Jewels and Binoculars
A Dutch take on Bob Dylan
by Piotr Michalowski
During the swing era the clarinet was king in the public eye, but during the postwar years, as small combos took over in jazz, it was eclipsed by the louder saxophones and trumpets in the front line. The instrument may have lost its public glamour, but it never went away, and in the last few decades, as styles have multiplied and sound textures have become more important, there has been a blossoming of talented clarinetists in improvised music.
One of the most versatile and accomplished musicians to take up the blackwood horn is Michael Moore, who is equally proficient on the bass clarinet and alto saxophone. Originally from northern California, Moore studied at the New England Conservatory of Music. After working briefly in New York, he moved to Amsterdam and quickly found himself at home in the uniquely eclectic and inventive Dutch musical scene. He first played in an expatriate trio with cellist Ernst Reijseger and drummer Michael Vatcher. Now he plays with everyone, leads his own groups, and runs his own label, Ramboy, which has released sixteen CDs.
Moore is a well-schooled musician, renowned for his seemingly inexhaustible repertoire of tunes from many different musical traditions. He can execute the wildest extended techniques as easily as he can play delicate, wistful melodies. He was a member of Gerry Hemingway's highly inventive avant-garde quintet but has also played and recorded traditional duets with pianist Fred Hersch, a friend from student days. For a number of years he worked alongside drummer Han Bennink and cellist Reijseger in the Clusone Trio, a zany group that mixed musical and physical hijinks with amazing interpretations of Gershwin, Berlin, Saint-Sans, Jobim, and just about everyone else. He has also recorded Irish and Peruvian folk tunes as well as bop warhorses.
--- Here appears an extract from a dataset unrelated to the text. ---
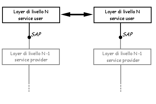 Un layer di livello N viene chiamato service user, uno di livello N-1 è detto service provider. I servizi di N-1 sono forniti ad N in un punto detto SAP, service access point, che è semplicemente il luogo in cui N può chiedere i servizi di N-1.

Moore was at last year's Edgefest with Misha Mengelberg's ICP Orchestra, and this year he returns with the cooperative trio Jewels and Binoculars, which includes his old pal drummer Vatcher and
the accomplished bassist Lindsey Horner. In a twist characteristic of the broad-minded Dutch perspective, this trio plays only the music of Bob Dylan. At first glance, this choice may seem somewhat idiosyncratic, as one thinks of Dylan mainly as a wordsmith and only secondarily as a composer of interesting melodies. Listening to their first CD (on Ramboy), one discovers that these musicians can take familiar tunes like "Boots of Spanish Leather," "With God on Our Side," "Visions of Johanna," or "Highway 61 Revisited" and bring out the purely melodic elements, turning them also into vehicles for jazz improvisations. This is definitely innovative music, but it is delicate, sensitive, and highly approachable by anyone who is willing to give it an ear.
Jewels and Binoculars performs on Thursday, October 3, at Kerrytown Concert House as part of this year's Edgefest.